Pre-Commit Tests Status (on master branch)

---	Java	Python	Go	Website	Whitespace	Typescript
Non-portable
Portable	---		---	---	---	---

See .test-infra/jenkins/README for trigger phrase, status and link of all Jenkins jobs.

GitHub Actions Tests Status (on master branch)

See CI.md for more information about GitHub Actions CI.

pabloem · 2020-04-03T18:44:11Z

This is the output of watermark_manager.show() for one pipeline:

pabloem · 2020-04-30T23:30:33Z

r: @robertwb

robertwb

Sorry it took so long to get to this. Most of my questions are around watermark advancement.

sdks/python/apache_beam/runners/portability/fn_api_runner/execution.py

sdks/python/apache_beam/runners/portability/fn_api_runner/fn_runner.py

sdks/python/apache_beam/runners/portability/fn_api_runner/watermark_manager.py

robertwb · 2020-05-05T21:04:42Z

sdks/python/apache_beam/runners/portability/fn_api_runner/watermark_manager.py

+      w = min(i.watermark() for i in self.inputs)
+      return w
+
+    def input_watermark(self):


This doesn't seem right, the input watermarks should always be an upper bound on the output watermark.

That makes sense. I've changed the output_watermark to be calculated based on downstream PCollections.

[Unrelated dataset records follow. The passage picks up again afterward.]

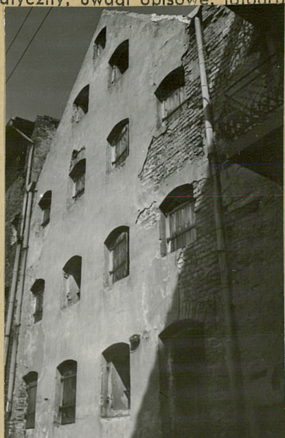
Elewacja tylna. Widok z ul. Pod Kryną Wież.

Spichrz przylegający ze strony zach. do obok stojącego gotyckiego spichlerza z XIV w. Elewacja front. zwrócona na północ.
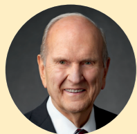
Av president Russell M. Nelson
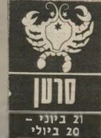
21 ביוני - 20 ביולי
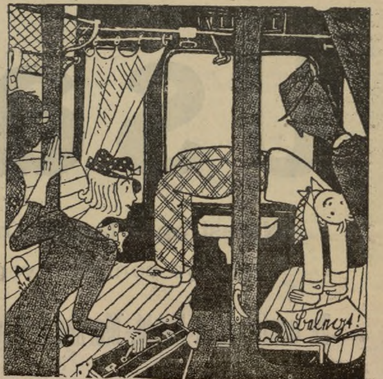
—Vengan pronto. Ya no puede seguir más tiempo así para guardar los asientos. (De «Fliegende Blaetter», de Berlín.)

Solicitada autorización por don Francisco Lerna para la instalación de un motor eléctrico de medio caballo de fuerza con destino a inflar neumáticos en la casa número 5 de la calle de Pelay, se abre juicio contradictorio por diez días para oír reclamaciones contra dicha instalación, terminando el plazo para ello el día 19 del actual mes. Valencia 7 de Septiembre de 1934. — El Alcalde accidental.
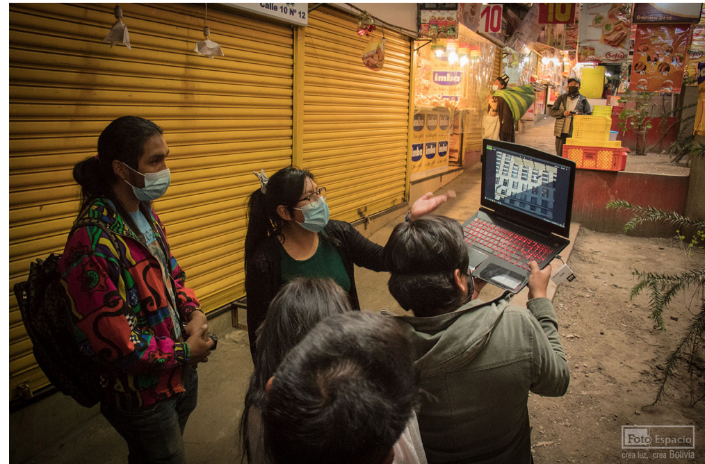
Foto Espacio crea luz, crea Bolivia
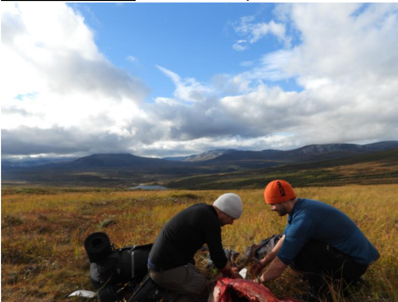
Figur 1 Fra jakta i Knutshø i 2021, ved Armodshøa.

Innleveringsprosenten på kjever og rapportering av nøyaktige slaktevekter har vært varierende i Knutshø. I 2021 leverte 66 % kjeve, noe som er en nedgang fra året før (77 %). Mange innleverte kjever og nøyaktige slaktevekter gir gode data og forutsetninger for å drive ei best mulig forvaltning, men det forutsetter altså at jegere leverer kjever og skriver nøyaktig slaktevekt på kortene. Her har både villreinutvalg, utmarksrådet og rettighetshavere en jobb å gjøre for å få enda flere jegere til å levere kjever og nøyaktig slaktevekt. NINA rapporterer hvert år data og resultater til Hjorteviltregisteret og publiserer jevnlig rapporter med resultater fra overvåkinga av elg, hjort og villrein. Se rapporten «Oppsyn og felling KHØ 2021» som er å finne på villreinutvalgets hjemmeside; www.knutshorein.no for mer informasjon.

sdks/python/apache_beam/runners/portability/fn_api_runner/watermark_manager.py

robertwb · 2020-05-05T21:12:27Z

sdks/python/apache_beam/runners/portability/fn_api_runner/watermark_manager.py

+    def set_watermark(self, wm):
+      raise NotImplementedError('Stages do not have a watermark')
+
+    def output_watermark(self):


This doesn't seem to take into account data that's "in flight." E.g. all the input watermarks could be at max-timestamp, but that doesn't mean that all the inputs' data has been consumed.

I've changed this implementation to rely on the watermark from downstream PCollections.

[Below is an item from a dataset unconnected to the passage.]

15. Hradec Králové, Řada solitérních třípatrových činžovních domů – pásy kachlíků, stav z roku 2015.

sdks/python/apache_beam/runners/portability/fn_api_runner/watermark_manager.py

pabloem · 2020-05-05T23:05:42Z

Sorry it took so long to get to this. Most of my questions are around watermark advancement.

no worries. This is a critical component, and I have other work to do, so I'm glad to get a thoughtful review. I'll address your comments soon.

pabloem · 2021-02-03T02:38:55Z

Run Python 3.8 PostCommit

pabloem · 2021-02-04T20:51:00Z

@robertwb sorry about the long delay on this, but I've rebased this, and addressed some of your older comments.

pabloem · 2021-02-04T21:23:40Z

cc: @tvalentyn FYI I am now focusing on this change

robertwb · 2021-03-02T00:30:45Z

sdks/python/apache_beam/runners/portability/fn_api_runner/fn_runner.py

+  @staticmethod
+  def _collect_written_timers(
+      bundle_context_manager: execution.BundleContextManager,
+      newly_set_timers: Dict[Tuple[str, str], ListBuffer],


Should this be a return value as well?

robertwb · 2021-03-02T00:30:53Z

sdks/python/apache_beam/runners/portability/fn_api_runner/fn_runner.py

+
+    This function reviews a stage that has just been run. The stage will have
+    written timers to its output buffers. The function then takes the timers,
+    and adds them to the `newly_set_timers` dictionary.


What does it return?

robertwb · 2021-03-02T00:33:21Z

sdks/python/apache_beam/runners/portability/fn_api_runner/fn_runner.py

+          producer_name]
+      # We take the output with tag 'out' from the producer transform. The
+      # producer transform is a GRPC read, and it has a single output.
+      pcolls_with_delayed_apps.add(transform.outputs['out'])


More flexibly, you could do only_element(transform.values())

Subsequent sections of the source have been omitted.